Hayek's theory of the importance of markets and profit seeking in decentralizing incentives, Adam Smith's Invisible Hand, the Coase Theorem, and George Stigler’s theory of search and information, meanwhile, were real advances in our understanding of economics, and these did not entail sophisticated mathematical equations. ‘Example’ is more intellectually honest than ‘theorem’ when presenting an economic argument. Representing an idea using measure theory is considered top academic work, but it’s usually pure pedantry.

Unfortunately, the idea that some rigor is good got turned into an arms race in rigor. Really important economic ideas that necessitate heavy mathematics are rare, confined almost exclusively within game theory (eg, Arrow’s Impossibility Theorem, Harsanyi’s general Bayesian model of games, Hurwicz’s mechanism design, Meyerson’s revelation principle), and game theory itself has been much less fruitful than originally thought. Continuous time, Hilbert space, real analysis, have not added to our understanding of economic problems, they merely remind us that any simple mathematical idea can be made more rigorous.

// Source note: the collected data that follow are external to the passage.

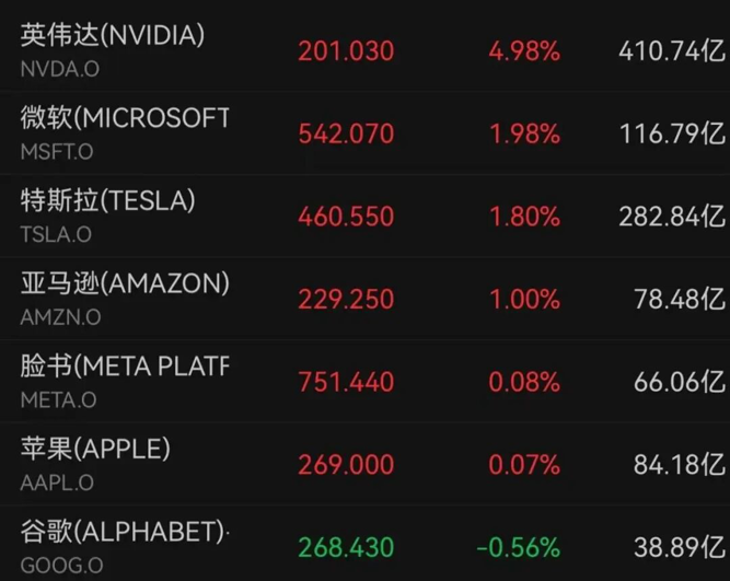 此外,特斯拉上涨1.80%,亚马逊上涨1.00%,脸书上涨0.08%,苹果上涨0.07%,谷歌下跌0.56%。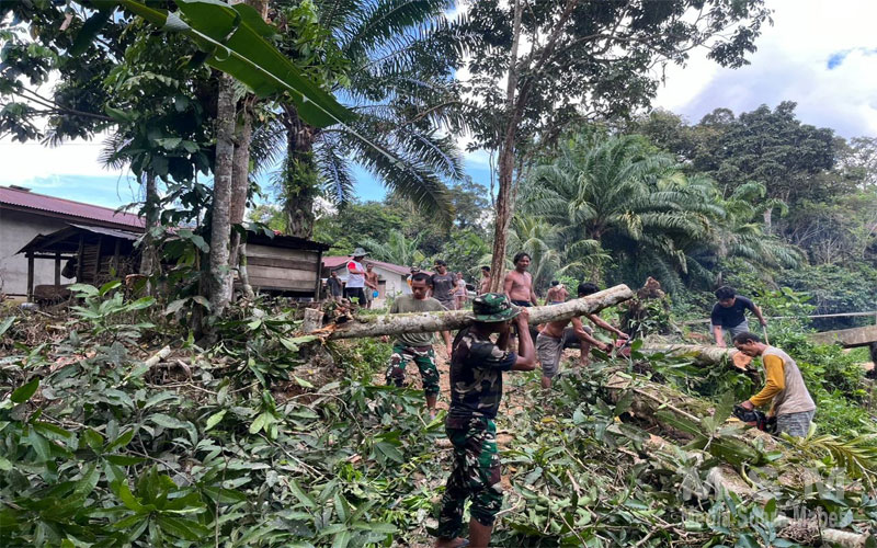 MahesaMediaCenter, Sanggau – Serda Surianto anggota Satgas TMMD 120 Kodim 1204 / Sanggau bersama 2 orang anggota dengan tanggap membantu warga Desa Peret Kecamatan Beduai Kabupaten Sanggau yang sedang menebang pohon.Sabtu (18/05/2024)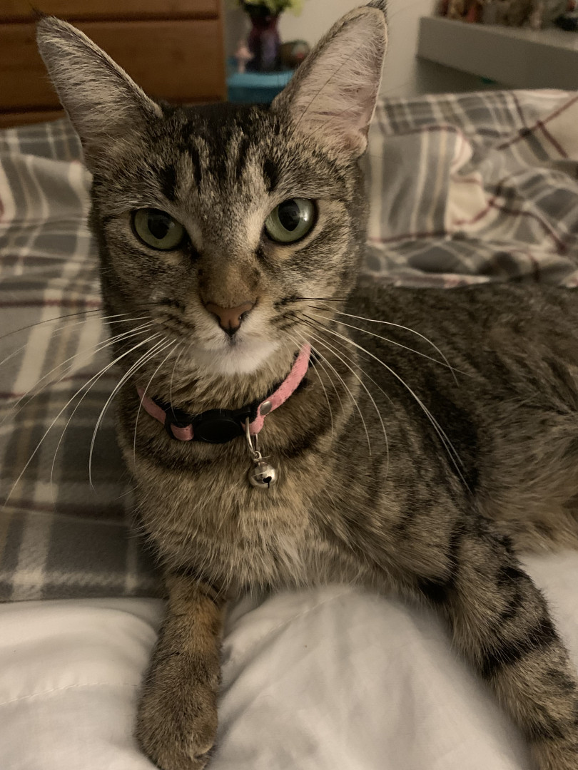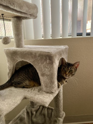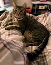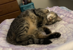 Jenny was a young mama kitty I adopted in August 2025 as my emotional support animal. She is a pistol, a climber and a love bug.

As per unlikely events being under appreciated, I would say it is the opposite. Most internet spam and investment scams are based on things that could happen but probably won't. Improbable events, when priced, are generally overpriced, largely because they can't be hedged and markets are thin, so as a buyer of these things, you tend to overpay: out-of-the-money options, wacky investment or business ventures. As Tyler Cowen wrote in his otherwise positive review in Slate, this big idea does not work in Taleb's main field of expertise, options (peevish Taleb violated his aphorism to ignore criticism back then, and got very mad at Cowen).

This focus on the improbable can lead to excessive risk taking, such as buying lottery tickets or joining multi-level marketing schemes, and too little risk taking, as when we forgo nuclear power or irradiating eggs because of improbable nightmare scenarios. Pity the investor who bought volatility based on the idea that people under appreciate it, as the straightest volatility play, the ETF VXX, has lost 90% of its value since inception in Jan 2009. The key is not to increase the perceived probabilities of small probability events, rather to get them as correct as possible. Some should go up, some down, and this is hard work.

A really good aphorism is distilled in the context of a broader set of work, such as Bertrand Russell's remark that "One of the symptoms of an approaching nervous breakdown is the belief that one's work is terribly important", which for a man who spent a decade on the futile task of trying to axiomatize mathematics (later proven impossible by Kurt Gödel), is truly profound. It is advice Taleb would do well to take.